Convert Wikipedia XML dump files to JSON or Text files
Text corpora are required for algorithm design/benchmarking in information retrieval, machine learning, language processing.
The Wikipedia data is ideal because it is large (7 million documents in English Wikipedia) and available in many languages.
Unfortunately the XML format of the Wikipedia dump is somewhat proprietary and inaccessible. WikipediaExport solves this problem by converting the XML dump to plain text or JSON - two formats that can be easily consumed by many tools.

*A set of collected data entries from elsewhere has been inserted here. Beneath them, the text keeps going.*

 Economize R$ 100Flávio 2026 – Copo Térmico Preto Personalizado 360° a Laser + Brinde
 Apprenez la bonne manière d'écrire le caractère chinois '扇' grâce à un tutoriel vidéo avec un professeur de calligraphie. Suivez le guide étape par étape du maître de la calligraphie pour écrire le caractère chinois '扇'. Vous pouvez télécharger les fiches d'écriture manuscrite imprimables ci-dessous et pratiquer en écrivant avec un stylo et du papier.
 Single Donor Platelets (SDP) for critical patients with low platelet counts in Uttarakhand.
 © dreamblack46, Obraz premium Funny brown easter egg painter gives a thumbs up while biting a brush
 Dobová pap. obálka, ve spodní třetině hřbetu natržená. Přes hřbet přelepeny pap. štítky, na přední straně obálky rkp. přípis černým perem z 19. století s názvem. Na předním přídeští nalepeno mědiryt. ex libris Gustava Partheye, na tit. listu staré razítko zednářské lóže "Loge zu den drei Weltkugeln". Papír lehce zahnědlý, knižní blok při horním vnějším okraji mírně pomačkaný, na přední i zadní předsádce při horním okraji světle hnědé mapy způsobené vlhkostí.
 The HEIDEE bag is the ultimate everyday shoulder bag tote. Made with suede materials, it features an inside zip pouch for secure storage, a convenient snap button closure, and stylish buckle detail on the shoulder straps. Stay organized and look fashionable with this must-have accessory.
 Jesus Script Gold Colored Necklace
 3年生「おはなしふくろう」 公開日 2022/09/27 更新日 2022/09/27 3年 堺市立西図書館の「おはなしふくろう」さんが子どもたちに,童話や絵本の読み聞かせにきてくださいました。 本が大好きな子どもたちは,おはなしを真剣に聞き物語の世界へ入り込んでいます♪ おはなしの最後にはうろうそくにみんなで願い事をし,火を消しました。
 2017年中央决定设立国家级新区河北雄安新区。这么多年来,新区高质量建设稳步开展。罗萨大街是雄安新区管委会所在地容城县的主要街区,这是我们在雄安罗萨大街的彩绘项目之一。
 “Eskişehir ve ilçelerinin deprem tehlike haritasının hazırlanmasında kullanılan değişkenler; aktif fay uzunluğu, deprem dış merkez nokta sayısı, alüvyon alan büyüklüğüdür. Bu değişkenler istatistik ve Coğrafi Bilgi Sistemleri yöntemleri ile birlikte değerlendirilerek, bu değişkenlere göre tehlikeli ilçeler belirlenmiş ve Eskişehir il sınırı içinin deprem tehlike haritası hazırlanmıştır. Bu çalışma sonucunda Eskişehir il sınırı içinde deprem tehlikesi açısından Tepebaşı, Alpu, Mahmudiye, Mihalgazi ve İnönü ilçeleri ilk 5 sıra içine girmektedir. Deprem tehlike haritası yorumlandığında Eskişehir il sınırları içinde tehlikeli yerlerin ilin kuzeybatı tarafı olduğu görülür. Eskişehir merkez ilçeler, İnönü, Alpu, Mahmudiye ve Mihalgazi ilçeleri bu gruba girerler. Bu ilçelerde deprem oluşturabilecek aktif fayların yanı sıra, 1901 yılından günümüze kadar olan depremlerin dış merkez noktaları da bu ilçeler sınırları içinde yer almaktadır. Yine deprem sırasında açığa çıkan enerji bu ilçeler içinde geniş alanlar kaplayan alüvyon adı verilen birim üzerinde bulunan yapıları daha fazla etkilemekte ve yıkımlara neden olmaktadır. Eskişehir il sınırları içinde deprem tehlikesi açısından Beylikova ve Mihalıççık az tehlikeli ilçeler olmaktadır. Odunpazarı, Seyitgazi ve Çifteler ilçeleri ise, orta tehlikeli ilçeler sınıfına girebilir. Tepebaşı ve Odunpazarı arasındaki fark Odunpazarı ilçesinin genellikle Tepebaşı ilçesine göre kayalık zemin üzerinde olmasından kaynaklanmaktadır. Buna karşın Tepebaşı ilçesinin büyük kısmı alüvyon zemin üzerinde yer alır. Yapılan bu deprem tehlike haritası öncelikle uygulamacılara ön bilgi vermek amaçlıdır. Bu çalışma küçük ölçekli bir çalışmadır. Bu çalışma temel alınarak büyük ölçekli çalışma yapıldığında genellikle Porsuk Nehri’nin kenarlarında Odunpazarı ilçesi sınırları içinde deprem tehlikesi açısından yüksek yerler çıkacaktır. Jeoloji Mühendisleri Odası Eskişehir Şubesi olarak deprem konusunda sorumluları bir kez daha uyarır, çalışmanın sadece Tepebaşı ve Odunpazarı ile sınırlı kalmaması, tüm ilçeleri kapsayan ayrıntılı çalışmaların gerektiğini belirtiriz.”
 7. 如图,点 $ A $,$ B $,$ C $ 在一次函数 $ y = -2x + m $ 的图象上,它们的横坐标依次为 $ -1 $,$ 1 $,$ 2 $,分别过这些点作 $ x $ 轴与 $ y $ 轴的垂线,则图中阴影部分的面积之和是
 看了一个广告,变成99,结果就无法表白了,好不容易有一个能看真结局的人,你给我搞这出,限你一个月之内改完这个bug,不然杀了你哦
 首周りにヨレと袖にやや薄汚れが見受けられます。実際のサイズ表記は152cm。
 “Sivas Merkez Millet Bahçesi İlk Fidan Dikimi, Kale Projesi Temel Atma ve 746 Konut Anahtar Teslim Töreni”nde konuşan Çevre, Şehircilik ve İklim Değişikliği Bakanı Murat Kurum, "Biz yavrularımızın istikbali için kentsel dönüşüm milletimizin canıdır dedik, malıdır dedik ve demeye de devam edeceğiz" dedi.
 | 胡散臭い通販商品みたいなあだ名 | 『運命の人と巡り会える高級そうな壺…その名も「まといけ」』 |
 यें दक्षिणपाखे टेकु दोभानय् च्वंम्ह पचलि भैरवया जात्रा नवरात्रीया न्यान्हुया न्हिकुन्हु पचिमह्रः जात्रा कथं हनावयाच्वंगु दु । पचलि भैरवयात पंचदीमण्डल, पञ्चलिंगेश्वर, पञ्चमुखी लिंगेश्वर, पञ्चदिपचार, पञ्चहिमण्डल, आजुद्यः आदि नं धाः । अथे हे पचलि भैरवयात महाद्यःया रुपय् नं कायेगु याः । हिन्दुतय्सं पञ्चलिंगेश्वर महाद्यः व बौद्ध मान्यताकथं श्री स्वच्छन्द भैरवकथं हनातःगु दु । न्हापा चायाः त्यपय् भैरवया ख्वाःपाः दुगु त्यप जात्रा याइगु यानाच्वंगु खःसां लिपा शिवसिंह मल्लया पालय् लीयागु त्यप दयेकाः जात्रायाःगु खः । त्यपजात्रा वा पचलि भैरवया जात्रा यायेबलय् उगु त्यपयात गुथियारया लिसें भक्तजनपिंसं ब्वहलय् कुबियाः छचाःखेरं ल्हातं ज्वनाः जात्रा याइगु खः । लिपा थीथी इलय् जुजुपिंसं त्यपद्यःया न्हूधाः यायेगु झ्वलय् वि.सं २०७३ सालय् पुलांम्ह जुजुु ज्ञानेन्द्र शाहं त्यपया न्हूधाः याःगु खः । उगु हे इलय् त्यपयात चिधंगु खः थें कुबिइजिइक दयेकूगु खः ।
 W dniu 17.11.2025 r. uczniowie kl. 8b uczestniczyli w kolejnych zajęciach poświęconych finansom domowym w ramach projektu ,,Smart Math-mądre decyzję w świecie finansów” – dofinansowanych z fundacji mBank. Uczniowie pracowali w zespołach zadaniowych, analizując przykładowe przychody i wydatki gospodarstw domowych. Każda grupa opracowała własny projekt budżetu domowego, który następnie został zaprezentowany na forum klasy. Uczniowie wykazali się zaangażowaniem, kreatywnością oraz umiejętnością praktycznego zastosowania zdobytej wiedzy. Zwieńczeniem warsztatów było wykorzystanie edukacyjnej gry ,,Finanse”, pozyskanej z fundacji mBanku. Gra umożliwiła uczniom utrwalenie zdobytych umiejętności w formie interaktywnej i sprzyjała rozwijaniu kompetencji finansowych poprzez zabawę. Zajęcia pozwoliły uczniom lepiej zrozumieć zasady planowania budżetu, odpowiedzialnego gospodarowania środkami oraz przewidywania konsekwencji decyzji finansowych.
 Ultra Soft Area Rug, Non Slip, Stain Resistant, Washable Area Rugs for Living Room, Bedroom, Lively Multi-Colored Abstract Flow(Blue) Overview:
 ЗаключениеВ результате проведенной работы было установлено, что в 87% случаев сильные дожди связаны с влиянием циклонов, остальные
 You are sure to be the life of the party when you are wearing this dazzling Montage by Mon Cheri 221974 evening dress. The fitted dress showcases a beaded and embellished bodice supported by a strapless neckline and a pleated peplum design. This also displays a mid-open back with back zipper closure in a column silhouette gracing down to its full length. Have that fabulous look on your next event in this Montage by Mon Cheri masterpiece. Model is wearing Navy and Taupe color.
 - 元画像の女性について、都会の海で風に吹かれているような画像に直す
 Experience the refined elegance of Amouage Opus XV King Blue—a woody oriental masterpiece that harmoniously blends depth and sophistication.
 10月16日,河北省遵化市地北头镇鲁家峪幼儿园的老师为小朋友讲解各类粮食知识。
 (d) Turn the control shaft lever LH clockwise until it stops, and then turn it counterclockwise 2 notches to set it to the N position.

Download wikipedia dump files at:
http://dumps.wikimedia.org/enwiki/latest/
https://dumps.wikimedia.org/enwiki/latest/enwiki-latest-pages-articles.xml.bz2
Export to text file:
dotnet WikipediaExport.dll inputpath="C:\data\wikipedia/enwiki-latest-pages-articles.xml" format=text
Export to JSON file:
dotnet WikipediaExport.dll inputpath="C:\data\wikipedia/enwiki-latest-pages-articles.xml" format=json
Text file
Five consecutive lines constitute a single document:
title
content
domain
url
docDate (Unix time: milliseconds since the beginning of 1970)
JSON file
title
content (all "\r" have been replaced with " ")
domain
url
docDate (Unix time: milliseconds since the beginning of 1970)
WikipediaExport is used to generate the input data for LuceneBench, a benchmark program to compare the performance of Lucene (a search engine library written in Java, powering the search platforms Solr and Elasticsearch) and SeekStorm (a high-performance search platform written in C#, powering the SeekStorm Search as a Service).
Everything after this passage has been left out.